Pub Date : 2024-11-29eCollection Date: 2024-01-01DOI: 10.1017/cts.2024.666
Elizabeth H Golembiewski, Mindy M Mickelson, Juan P Brito, Victor M Montori, Rozalina G McCoy
Introduction: Patient and stakeholder involvement enhances the conduct and applicability of comparative effectiveness research (CER). However, examples of engagement practices for CER leveraging real-world data (i.e., data from routine clinical practice) are scarce. Notably, these studies differ from traditional clinical trials in their technical complexity and minimal prospective data collection, posing unique challenges for stakeholder involvement. This paper describes patient and stakeholder engagement in a CER study of type 2 diabetes (T2D) medications using real-world data from a large administrative claims database.

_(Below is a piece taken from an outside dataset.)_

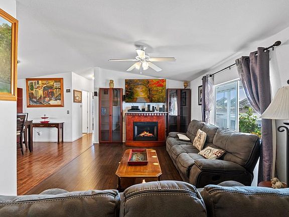 Wonderful 3bed and 2bath Manufactured Home in a Friendly All Ages Park is ready for a New Family! This cozy property with an inviting living room and dining area is perfect for entertaining your guests. Airy and abundant natural light throughout. Enjoy the breathtaking views from the comfort of your Porch. Newer Laminate flooring. The low maintenance yard, with potted plants and palm trees for your E&R! Enjoy the perks of this quiet community amenities such as Pool, laundry facilities, Basketball Courts, Playground and the list goes on! This property is perfectly located near parks, shopping, dining, minutes from Freeway 15 and 76, and the many activities beautiful Fallbrook has to offer!
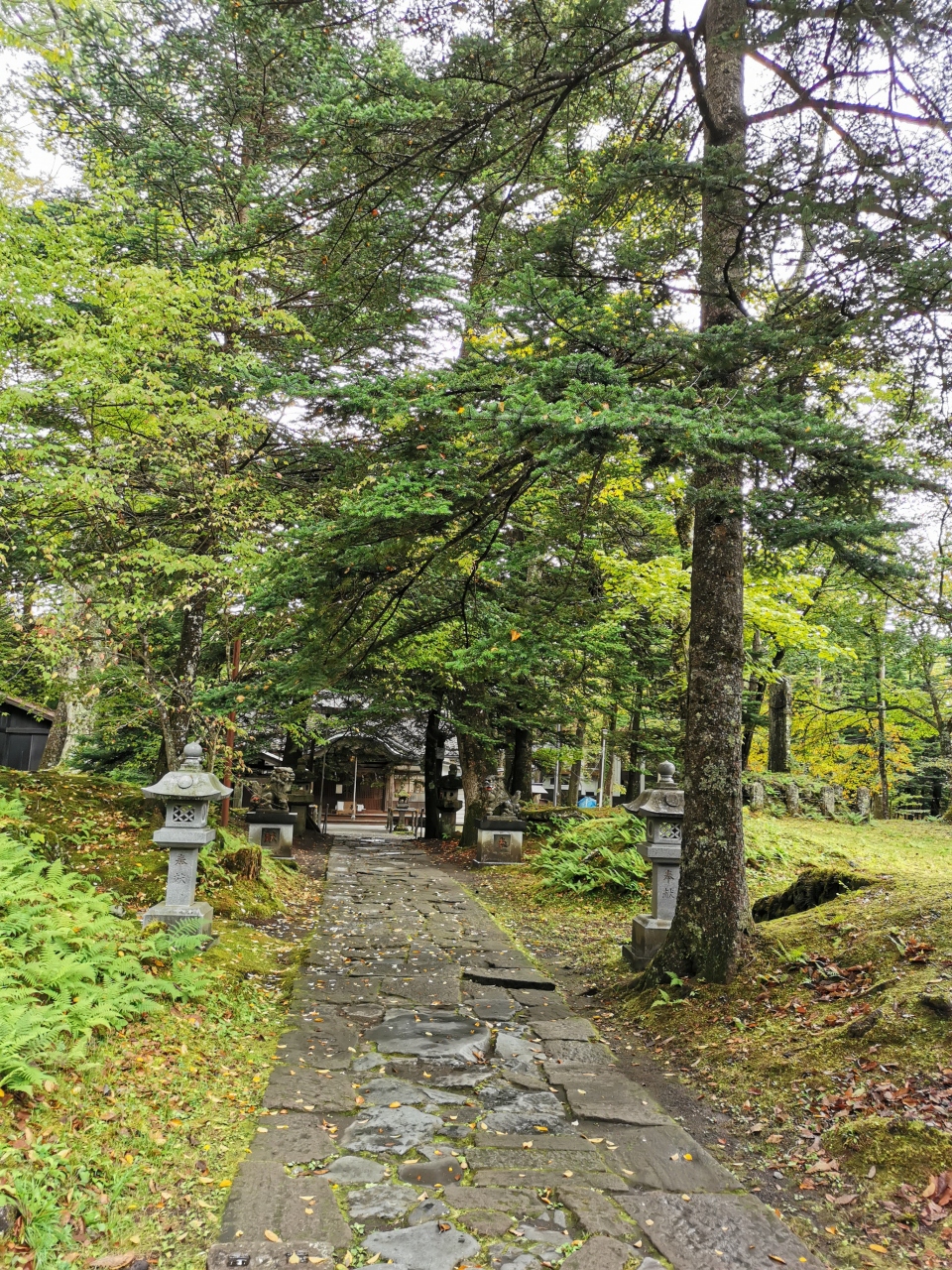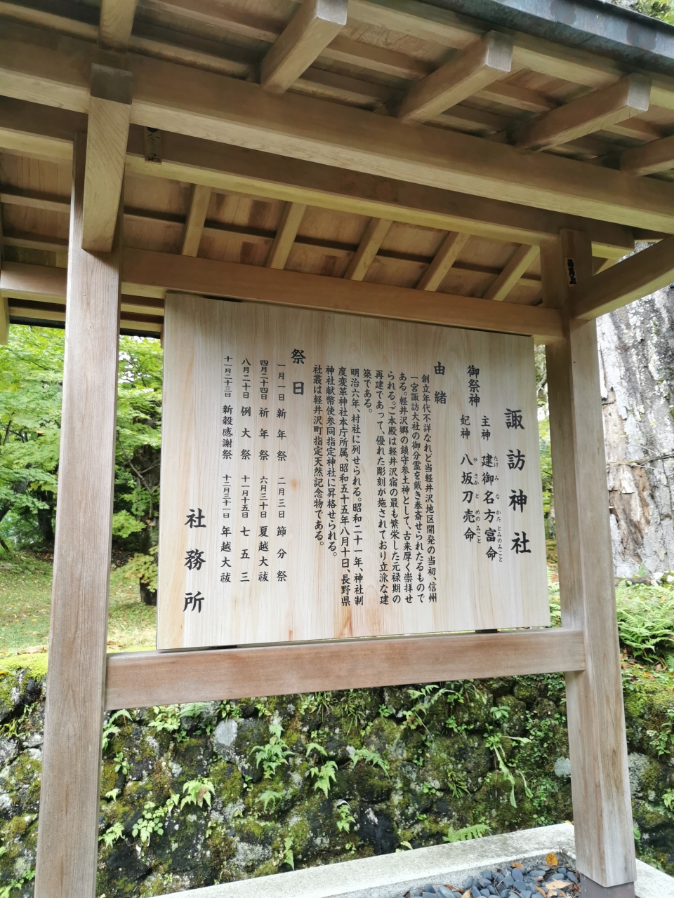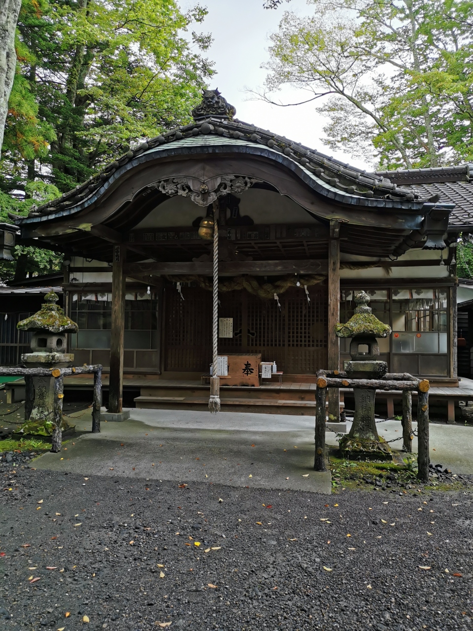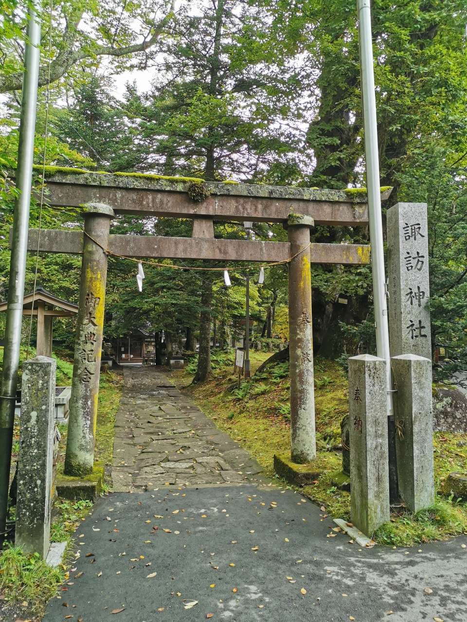 軽井沢会テニスコートと軽井沢ユニオン・チャーチの間の道を抜けると軽井沢の諏訪神社があります。苔むした石製の鳥居をくぐると参道です。手水場は水が止められてました。二股の神樹守を超えると本殿です。銀座通りから少し離れているせいかとても静かでした。落ち着いて参拝できました。

Methods: A Patient and Stakeholder Advisory Group (PSAG) was formed to guide study design, conduct, and dissemination. The PSAG (n = 12) included individuals with T2D, clinicians, health systems leaders, professional society representatives, and a payer representative. Members were surveyed post-study initiation to assess their participation goals and experiences to date.
Results: PSAG members influenced key design and methodological decisions, including cohort selection and adding an aim focused on patient preference elicitation. Survey results indicated high satisfaction with engagement processes and a desire for ongoing involvement. Most PSAG members cited their main goals as impacting the lives of people with T2D and ensuring the research's relevance to clinicians.
Conclusions: Best practices for engaging stakeholders in CER using real-world data are underdeveloped. Our experience suggests that an inclusive, stakeholder-engaged approach enriches the research process and ensures diverse perspectives are integrated into study design and conduct. Ongoing efforts will focus on assessing long-term engagement outcomes and PSAG member satisfaction.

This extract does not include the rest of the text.